[Date Prev][Date Next]
Re: some thoughts on indexing (Was: Some openldap fixes... (fwd))
On Wed, Sep 20, 2000 at 11:12:02AM -0700, Kurt D. Zeilenga wrote:
> To further this discussion, here are some thoughts on what
> I was planning for the replacement backend.
> I had mentioned I was considering using duplicate
> keys (one key/value pair per assertValue/ID pair) instead
> of ID lists (one key -> list of IDs). I now believe this
> is not workable.
> I've also briefly considered generating a scoped key per
> assertion value (DN+assertValue/ID). Though such
> allows one to easily skip those keys not in scope, I
> believe this approach is still not workable as you'd
> still be generating a key for each matching entry.
> Peter/Marijn approach can be viewed an additional variant
> of the above. Here you generate a scoped key/value pairs
> for parent(DN)+assertValue -> list of IDs. This reduces
> the number of keys to maintain/fetch where you have
> multiple matching entries within the same container.

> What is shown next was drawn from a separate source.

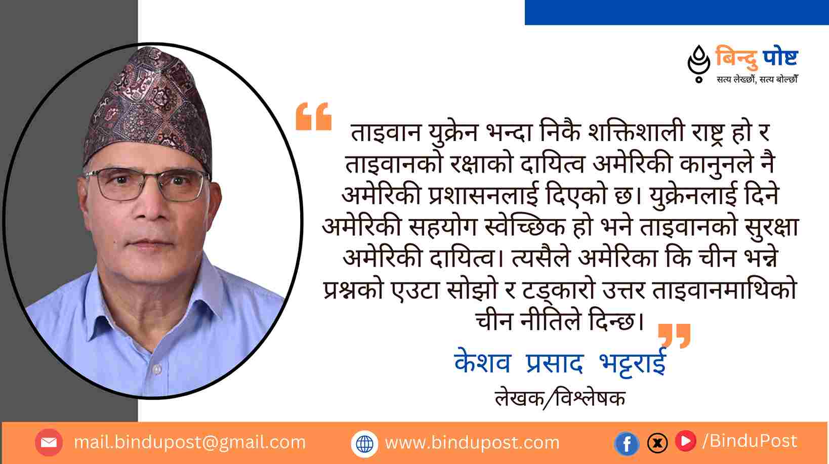 युक्रेनलाई दिने अमेरिकी सहयोग स्वेच्छिक हो भने ताइवानको सुरक्षा अमेरिकी दायित्व। त्यसैले अमेरिका कि चीन भन्ने प्रश्नको एउटा सोझो र टड्कारो उत्तर ताइवानमाथिको चीन नीतिले दिन्छ।

> It can degrade to the one key per matched entry... but
> given the characteristics of most directories, this may
> be workable.
> I've also been looking into (for quite some time) in
> key management issues. I believe the IDL code needs
> much work.
> IDL splitting: IDL splitting is designed to produce
> reasonably sized ID blocks. My gut feeling is that
> they are not worth the effort. I propose to axe
> splitting. This will reduce the complexity of the
> code and allow for significant optimizations.
remember though,. that because we now post-sort the on disk
IDLs needn'd be sorted anymore.
and those blocks do save a lot of IO when the list does
get very long
just some thoughts
> ALLIDS: I believe the concept is okay... the implementation
> needs work. First, ALLIDS should be high. I see little
> reason not to allow IDLISTS to be large. 16KIDs? 128K IDs?

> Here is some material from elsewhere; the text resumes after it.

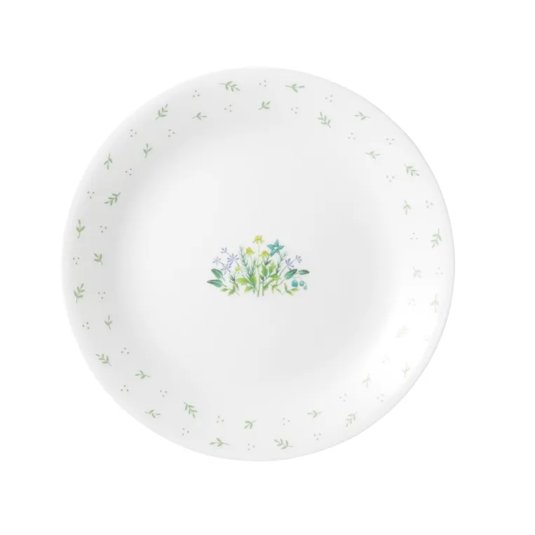 דגם עשבי הקאנטרי נותן נגיעה כפרית מאירופה הרומנטית לשולחן האוכל שלכם עם דוגמת פרחים מסורתית עדינה. עיטור נוסטלגי המתאים לסגנון המסורתי הוותיק של קישוט כפרי. סט הצלחות של קורל מעוטר בפרחים צהובים וסגולים עדינים, לצד עלים וענפים ירוקים בשולי הצלחת. דגם זה מאופיין בסגנון וינטאג', עיטורי העלים נישאים בעדינות רבה על גבי הרקע הלבן מקשטים כל שולחן ומתאימים הן לשימוש יומיומי והן לאירוח.

> 1M IDs? As before, that can be knob.
The only time ALLIDS would be _faster_ is when it would require
more IO to load the list than load the few not mentioned entries.

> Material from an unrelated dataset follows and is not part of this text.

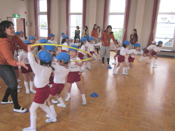 隣のお友達と一緒に、フープの中に入って、前にある目印まで走って・・・ 次の人にバトンタ〜ッチ!

this is a very high limit i think,..
If however you might deside to leave that idea intact, one might
make the threshold a percentage of the db size
> I also plan to implement some additional administrative limits:
> 1) return error to client if number of candidates
> exceeds a limit (before testing)
would break LDAP specs i think,..
allthough,.. there are a few fuzzy errors one could abuse for
this purpose, like: LDAP_UNWILLING_TO_PERFORM
why though ?
> 2) return error to client if number of tested candidates
> exceeds a limit (regardless of test result)
eruhmm,.. would this not be the same as 1) ?
because if one ignores the test-result the number of tested
entries will be the same as the number of candidates. or am
I missing something here,..
> 3) return error to client if sizelimit is exceeded.
how would this be extra ?
I very often get this error :)